= Beginning of Section =

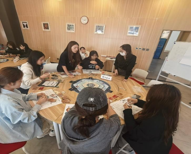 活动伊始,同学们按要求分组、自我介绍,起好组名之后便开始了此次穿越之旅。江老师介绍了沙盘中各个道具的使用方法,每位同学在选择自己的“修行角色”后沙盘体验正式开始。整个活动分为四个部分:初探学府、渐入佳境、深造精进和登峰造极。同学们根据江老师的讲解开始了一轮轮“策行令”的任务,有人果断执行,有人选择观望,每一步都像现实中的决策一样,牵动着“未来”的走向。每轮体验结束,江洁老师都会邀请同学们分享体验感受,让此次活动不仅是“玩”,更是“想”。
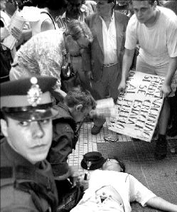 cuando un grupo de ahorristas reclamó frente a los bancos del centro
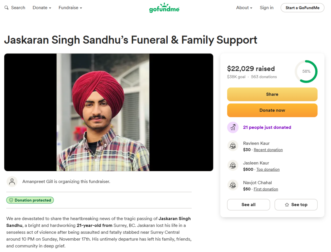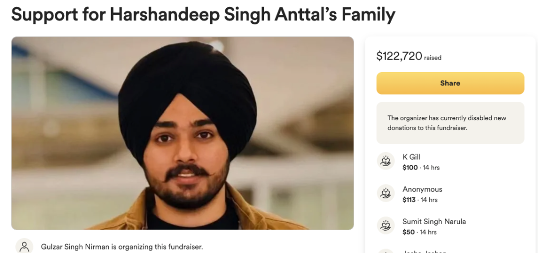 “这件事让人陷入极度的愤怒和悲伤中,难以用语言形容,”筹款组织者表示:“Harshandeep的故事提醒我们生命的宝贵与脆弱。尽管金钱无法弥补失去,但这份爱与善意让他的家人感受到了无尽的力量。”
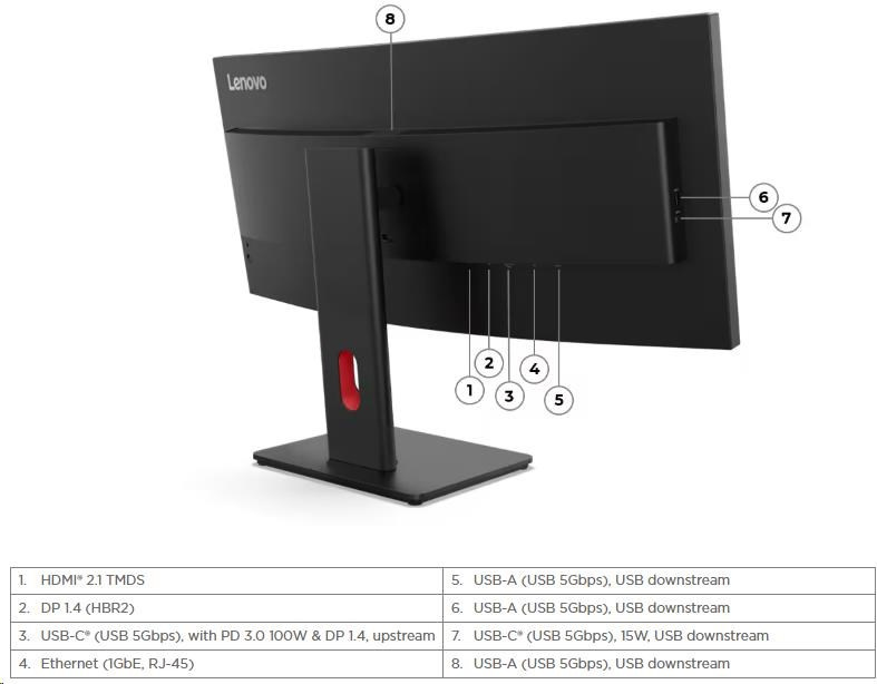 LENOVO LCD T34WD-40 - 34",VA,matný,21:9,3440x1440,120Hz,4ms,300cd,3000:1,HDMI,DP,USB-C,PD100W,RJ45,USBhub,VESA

= End of Section =

◆ What you need to do
A verbatim copy of the data, with all pictures omitted, is the required output.

◆ Expected output
 活动伊始,同学们按要求分组、自我介绍,起好组名之后便开始了此次穿越之旅。江老师介绍了沙盘中各个道具的使用方法,每位同学在选择自己的“修行角色”后沙盘体验正式开始。整个活动分为四个部分:初探学府、渐入佳境、深造精进和登峰造极。同学们根据江老师的讲解开始了一轮轮“策行令”的任务,有人果断执行,有人选择观望,每一步都像现实中的决策一样,牵动着“未来”的走向。每轮体验结束,江洁老师都会邀请同学们分享体验感受,让此次活动不仅是“玩”,更是“想”。
 cuando un grupo de ahorristas reclamó frente a los bancos del centro
 “这件事让人陷入极度的愤怒和悲伤中,难以用语言形容,”筹款组织者表示:“Harshandeep的故事提醒我们生命的宝贵与脆弱。尽管金钱无法弥补失去,但这份爱与善意让他的家人感受到了无尽的力量。”
 LENOVO LCD T34WD-40 - 34",VA,matný,21:9,3440x1440,120Hz,4ms,300cd,3000:1,HDMI,DP,USB-C,PD100W,RJ45,USBhub,VESA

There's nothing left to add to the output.